A thorough pelvic exam, different samples evaluation, ultrasound, X-Ray, CT scan or MRI may be needed to evaluate this condition. At time, maybe many times, we do all of these and there is nothing to be found. A big portion of this last group are pelvic Neuropathic pain. It means that although the structures are normal,and that is why all the tests are negative, the nerves are not functioning normally. For this condition the treatment would be to calm down the nerve by different medications used in neuropathic pain like anti-epileptics or anti-depressants or to do some injections to block the irritated nerve.

Patients can do pelvic floor exercises by contracting and releasing the muscles of pelvic area to increase the circulation and improve the core muscles of that area to support the management of pain. These exercises are found to be very helpful in long term.

It is a difficult condition and needs a lot of patience to manage.

Dr. Kevin ROD

Wednesday, June 1, 2011


Many of chronic pain patients are forced into poverty. There are many employed and productive people who get injured or develop a condition that leads into chronic pain. Once chronic pain is settled, productivity and ability to work decreases. Most of us think being poor or homeless is so far or remote from us. In reality, most of members of any society are only a couple of pay checks far from falling into poverty. Chronic pain on its own is difficult to handle. Add poverty, losing ability to work and keep the house or other belongings to it, then we have a disaster. But rich or poor, we have to treat and manage the chronic pain condition.

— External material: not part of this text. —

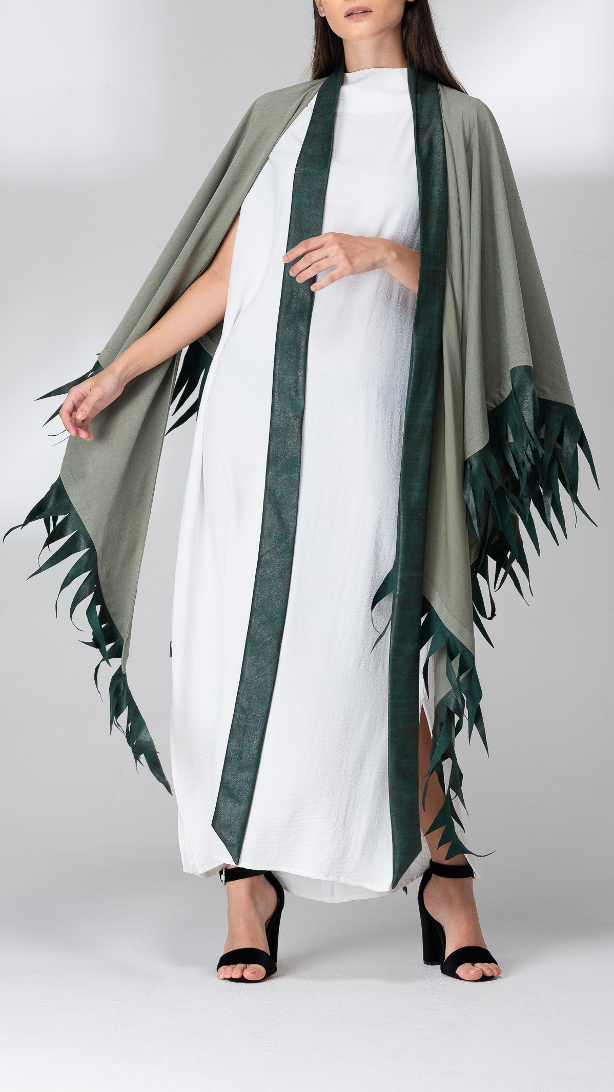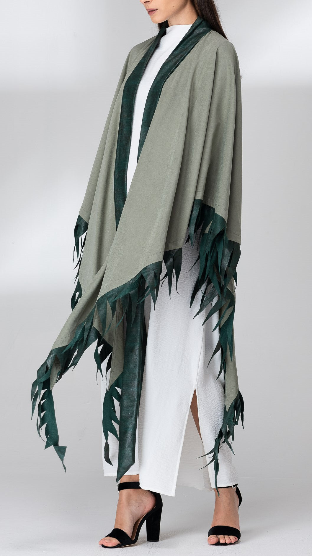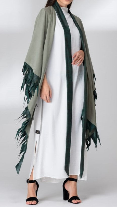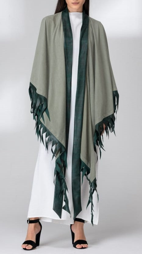 Luxurious chamois abaya with elegant leather straps in the shape of a Mexican countryside design. The abaya is in the form of a long, drop-down shawl with a wonderful inner dress and a long leather band that falls from the top of the neck to the end of the dress. Suitable for cold evenings.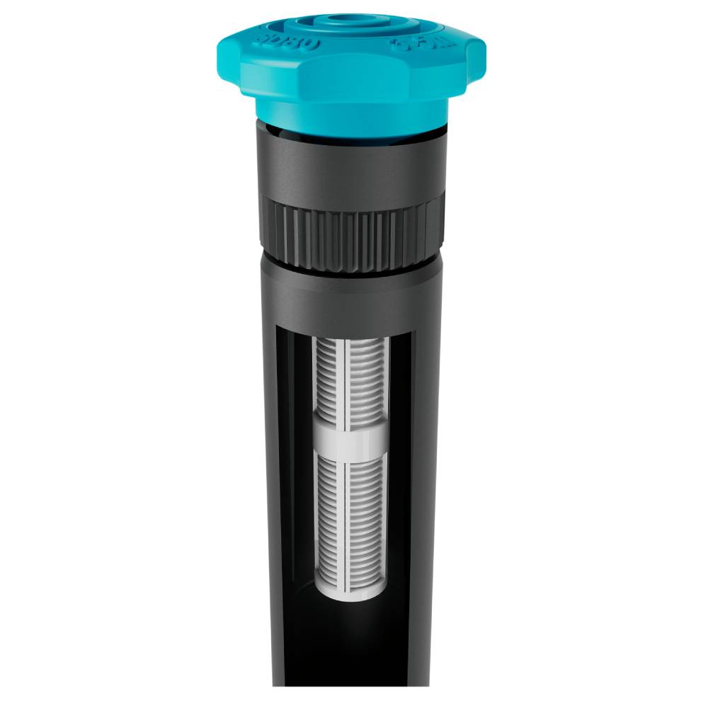 Zahvaljujući podzemnoj ugradnji, raspršivač je gotovo nevidljiv u vrtu i pojavljuje se samo tokom rada. Raspon i sektor raspršivanja mogu se jednostavno podešavati bez alata – ugao prskanja od 5° do 360°, a domet između 3 i 5 metara. Time se navodnjavanje lako prilagođava obliku i veličini travnjaka, bez preklapanja ili prekomjernog zalijevanja.

We talk a lot about multi-disciplinary pain management, but all or most of these disciplines of therapy cost money. What to do in this situation? There have been lot of evidence coming out lately on the positive role of self management in chronic pain. If we can learn about what better choices we can make within our budget about our diet, learn to exercise and practice meditation and relaxation exercise, most of medical conditions would be better controlled, including chronic pain. When the down turn in economy happened a few years ago, I worked on developing a self management guide for patients who could not afford to pay for different therapies and we would give the guide to any body in need free of charge. What is important is that I observed a lot of treatment outcome improvement within the group that used and practiced the guide recommendations.

Self management can be one of the ways to fight the effect of poverty on our pain.